Records for the exercise:
======

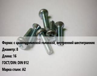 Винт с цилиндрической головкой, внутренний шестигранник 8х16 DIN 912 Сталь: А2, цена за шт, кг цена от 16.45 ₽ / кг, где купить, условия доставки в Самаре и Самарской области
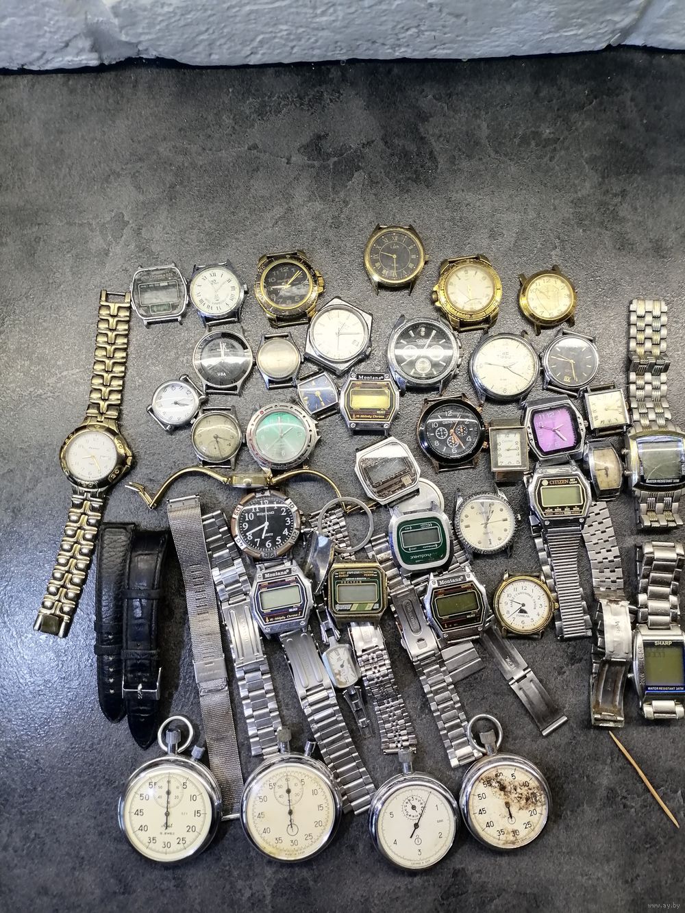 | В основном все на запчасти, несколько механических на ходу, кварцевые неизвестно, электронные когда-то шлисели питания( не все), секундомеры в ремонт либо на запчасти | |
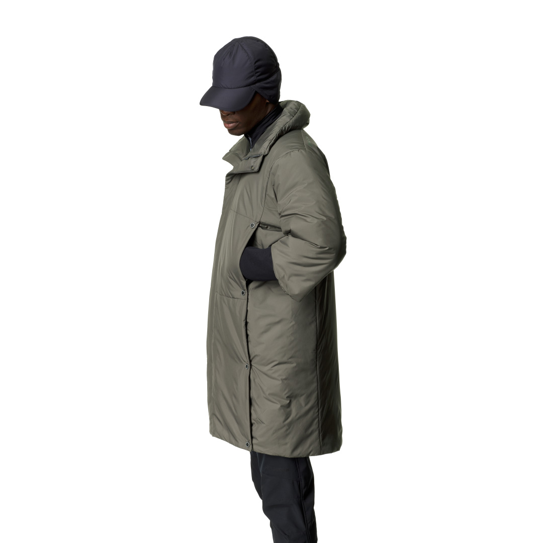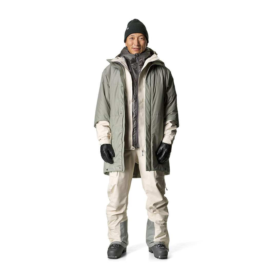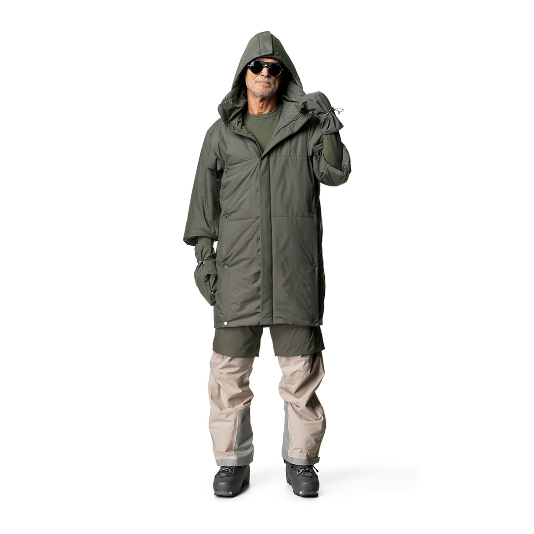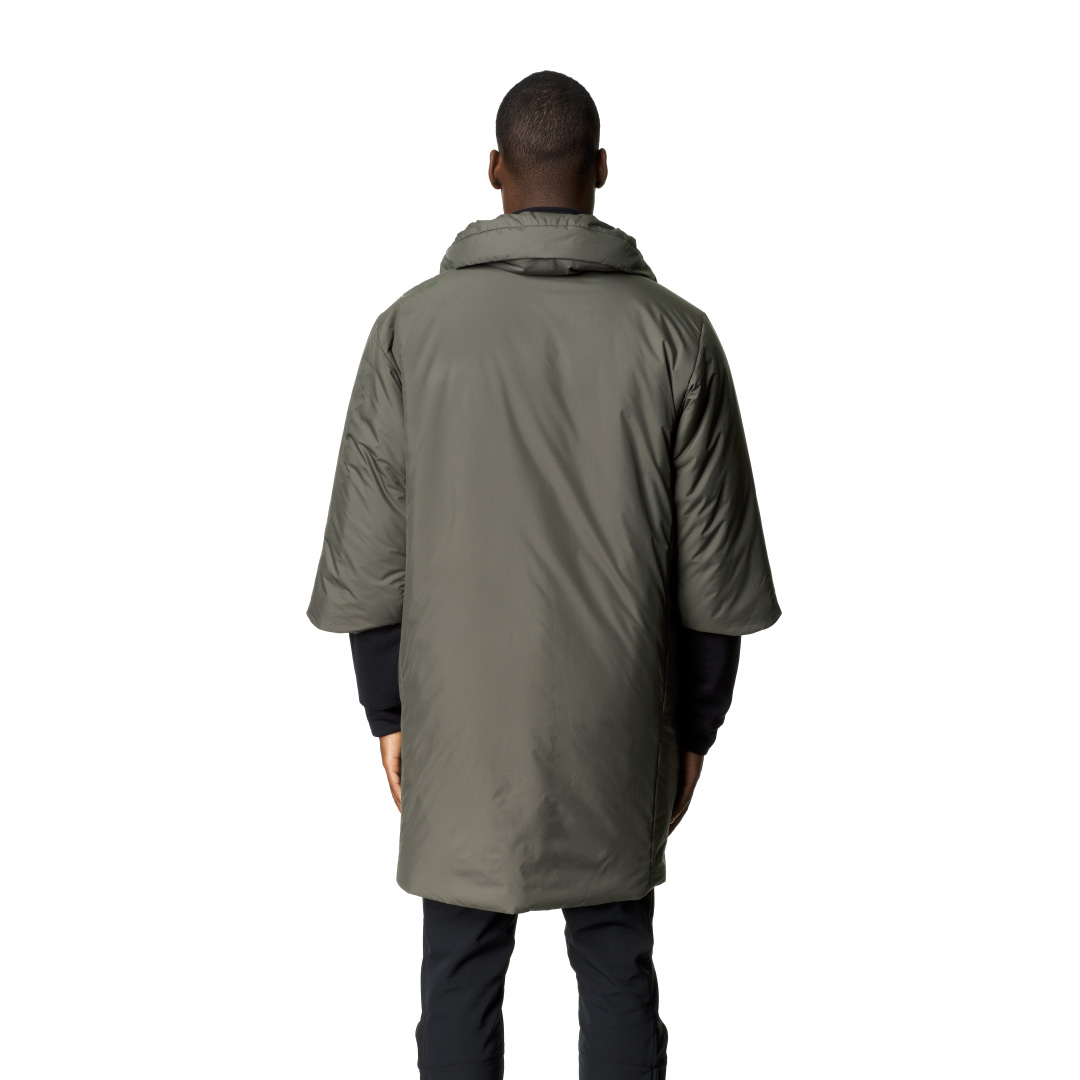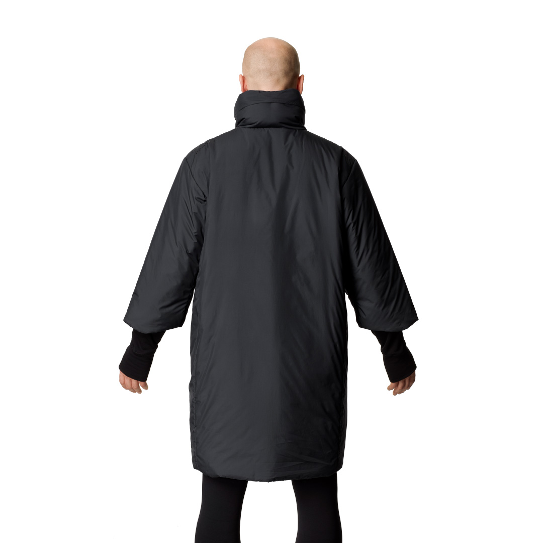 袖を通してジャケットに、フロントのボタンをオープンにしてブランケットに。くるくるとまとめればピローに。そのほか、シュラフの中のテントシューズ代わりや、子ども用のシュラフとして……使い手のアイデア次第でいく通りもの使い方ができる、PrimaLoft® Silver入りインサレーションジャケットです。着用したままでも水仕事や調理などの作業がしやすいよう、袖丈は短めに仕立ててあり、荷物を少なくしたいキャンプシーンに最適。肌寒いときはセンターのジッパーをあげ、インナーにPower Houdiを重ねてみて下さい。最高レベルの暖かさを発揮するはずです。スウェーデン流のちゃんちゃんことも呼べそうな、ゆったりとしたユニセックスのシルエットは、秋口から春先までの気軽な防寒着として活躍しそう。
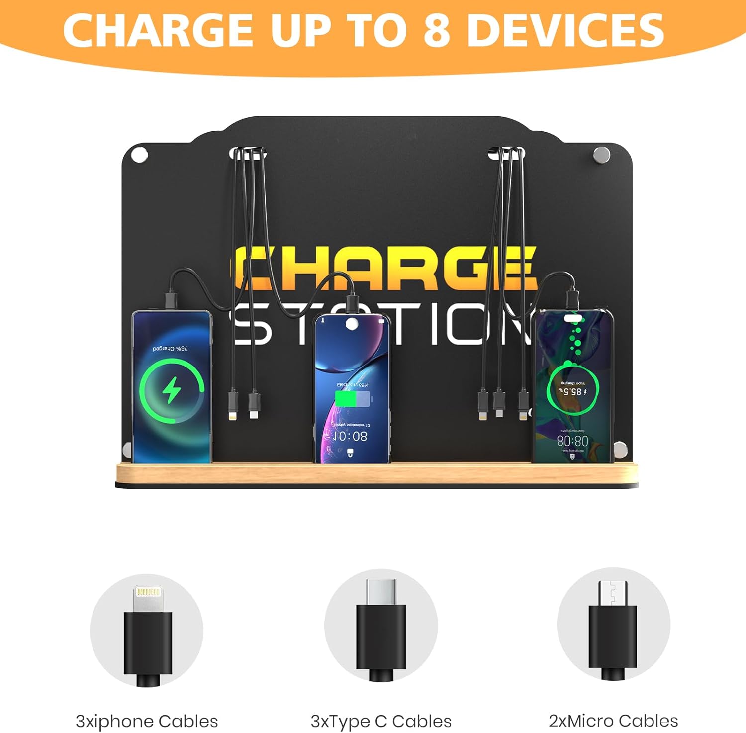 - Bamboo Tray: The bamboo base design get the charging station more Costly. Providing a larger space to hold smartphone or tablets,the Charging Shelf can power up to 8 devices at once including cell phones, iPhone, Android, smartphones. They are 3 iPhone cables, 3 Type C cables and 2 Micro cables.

======

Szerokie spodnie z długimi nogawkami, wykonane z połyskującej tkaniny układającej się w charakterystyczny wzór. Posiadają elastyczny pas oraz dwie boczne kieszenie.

======

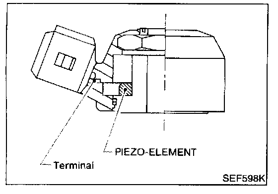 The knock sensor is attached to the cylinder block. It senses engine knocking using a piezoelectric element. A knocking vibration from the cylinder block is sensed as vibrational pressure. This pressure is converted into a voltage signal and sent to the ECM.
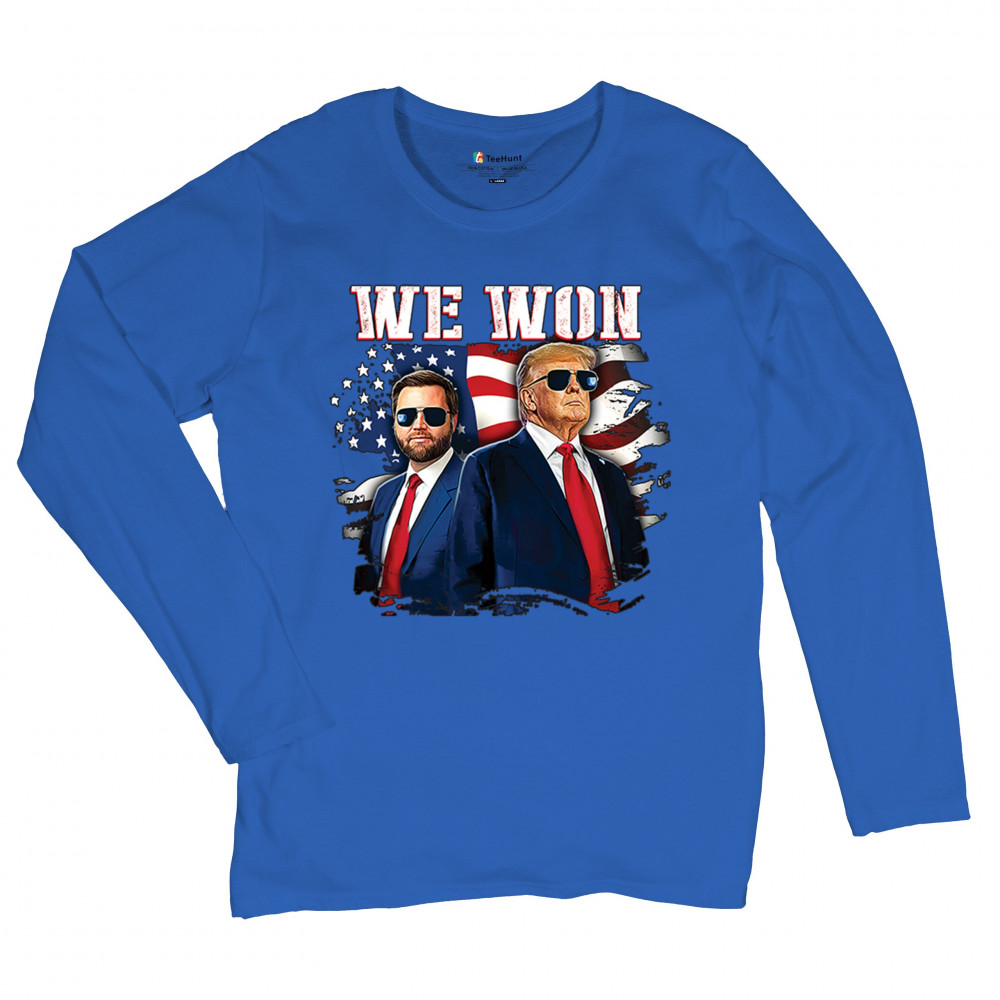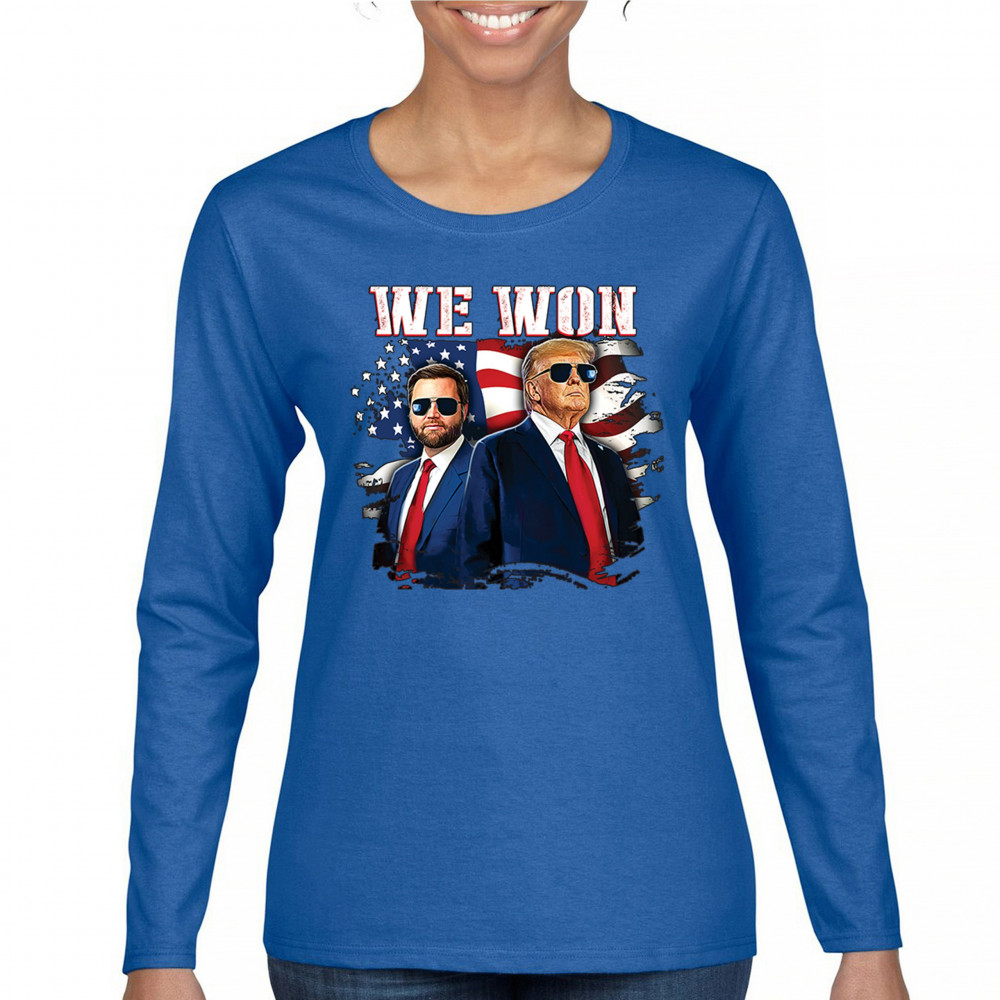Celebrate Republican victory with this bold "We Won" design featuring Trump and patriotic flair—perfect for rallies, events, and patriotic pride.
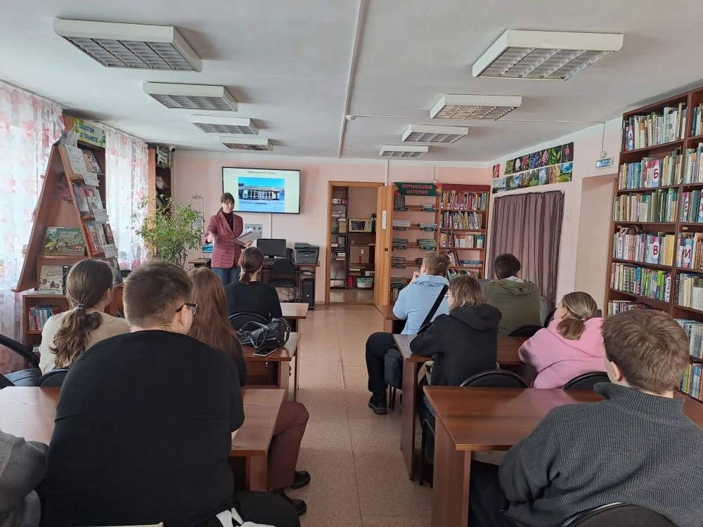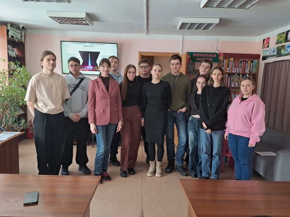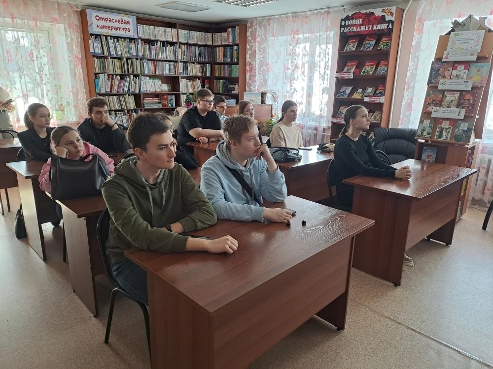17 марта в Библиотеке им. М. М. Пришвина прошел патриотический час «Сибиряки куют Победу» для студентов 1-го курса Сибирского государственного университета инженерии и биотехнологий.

======

Work to complete: For this exercise, return exactly the lines above from the line with "The knock sensor" through the line with "17 марта в Библиотеке", both included. Do not copy the pictures.

Answer to this problem:
 The knock sensor is attached to the cylinder block. It senses engine knocking using a piezoelectric element. A knocking vibration from the cylinder block is sensed as vibrational pressure. This pressure is converted into a voltage signal and sent to the ECM.
Celebrate Republican victory with this bold "We Won" design featuring Trump and patriotic flair—perfect for rallies, events, and patriotic pride.
17 марта в Библиотеке им. М. М. Пришвина прошел патриотический час «Сибиряки куют Победу» для студентов 1-го курса Сибирского государственного университета инженерии и биотехнологий.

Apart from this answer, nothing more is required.